_PROVIDED MATERIAL_
== Segment start ==

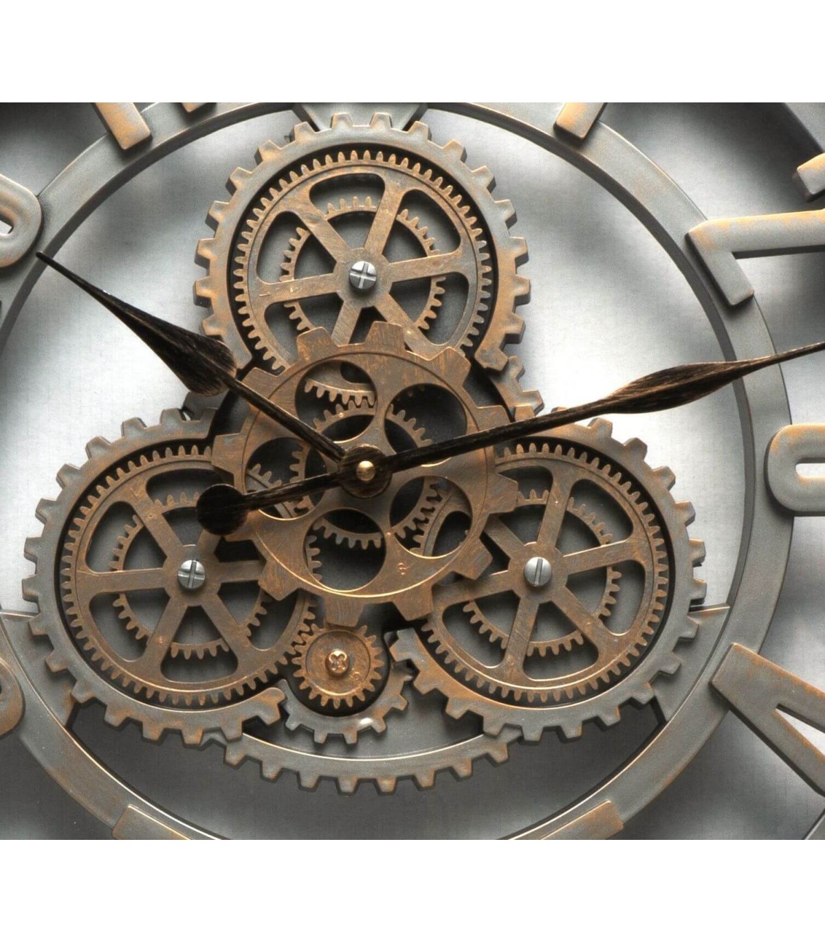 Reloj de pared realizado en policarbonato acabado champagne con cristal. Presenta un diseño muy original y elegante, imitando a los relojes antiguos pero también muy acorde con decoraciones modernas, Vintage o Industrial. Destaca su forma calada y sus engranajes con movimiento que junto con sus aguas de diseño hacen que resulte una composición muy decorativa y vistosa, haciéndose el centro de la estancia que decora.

== Segment end ==
== Segment start ==

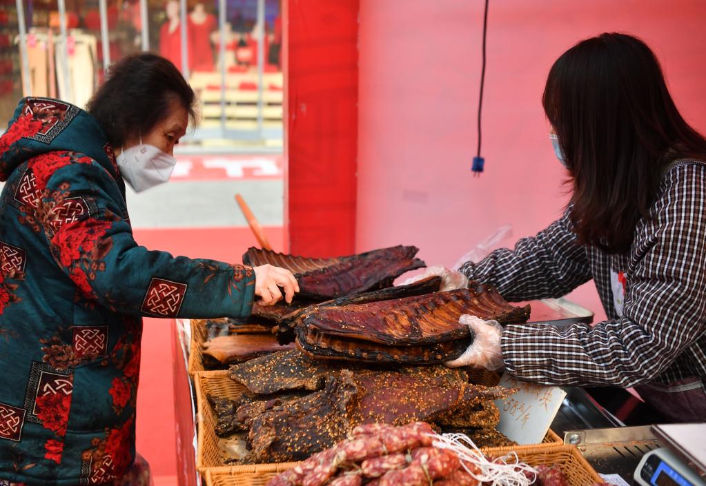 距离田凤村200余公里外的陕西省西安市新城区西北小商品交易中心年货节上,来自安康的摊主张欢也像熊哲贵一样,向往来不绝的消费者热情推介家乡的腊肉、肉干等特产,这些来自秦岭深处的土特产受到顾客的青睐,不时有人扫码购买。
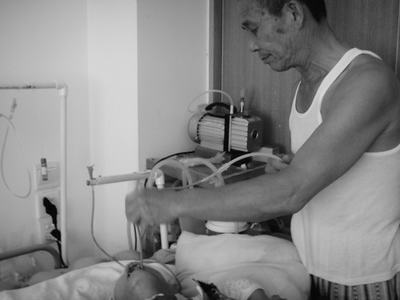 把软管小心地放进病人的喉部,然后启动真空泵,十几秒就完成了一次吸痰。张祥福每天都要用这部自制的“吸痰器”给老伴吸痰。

== Segment end ==
== Segment start ==

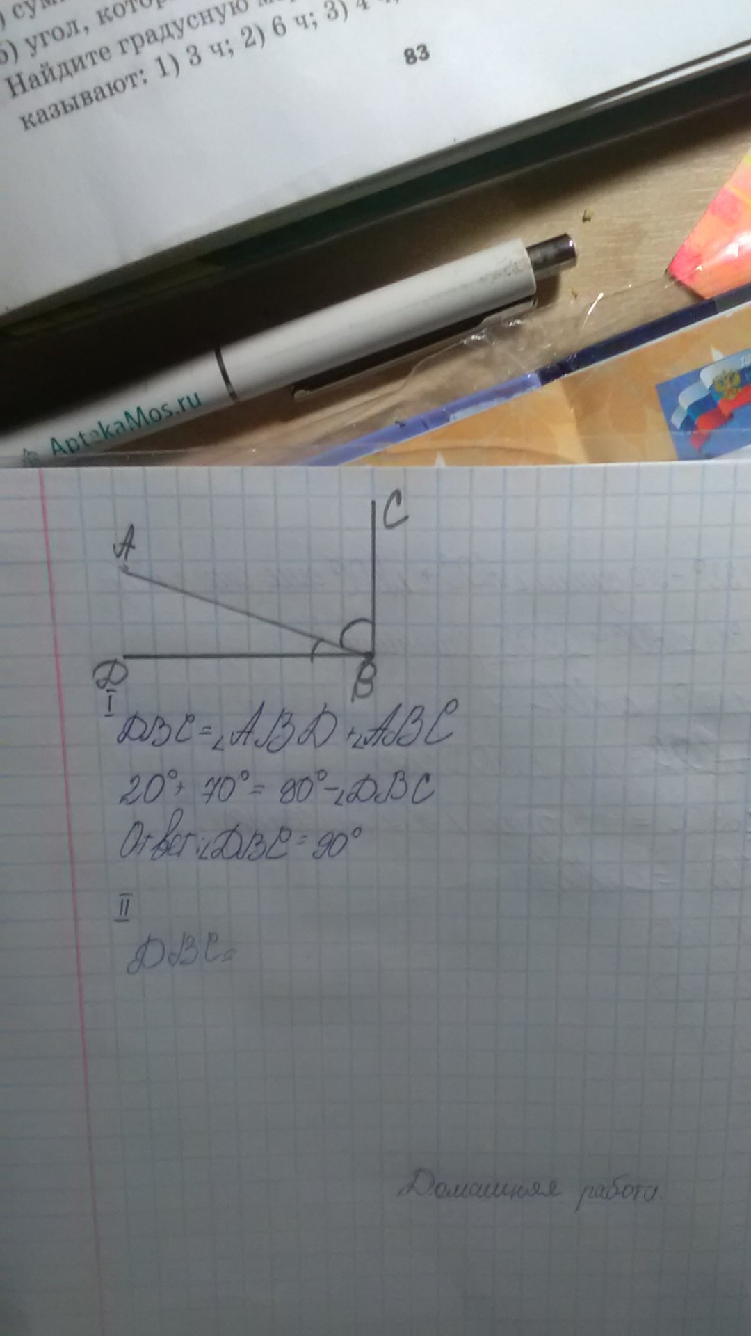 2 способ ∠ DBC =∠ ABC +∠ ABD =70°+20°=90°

== Segment end ==

_WORK TO BE COMPLETED_
Look through the material above. Transcribe exactly the lines between the ones with "距离田凤村200余公里外的陕" and "把软管小心地放进病人的喉部,然后启动真空", inclusive, and keep pictures out.

_WRITTEN REPLY_
 距离田凤村200余公里外的陕西省西安市新城区西北小商品交易中心年货节上,来自安康的摊主张欢也像熊哲贵一样,向往来不绝的消费者热情推介家乡的腊肉、肉干等特产,这些来自秦岭深处的土特产受到顾客的青睐,不时有人扫码购买。
 把软管小心地放进病人的喉部,然后启动真空泵,十几秒就完成了一次吸痰。张祥福每天都要用这部自制的“吸痰器”给老伴吸痰。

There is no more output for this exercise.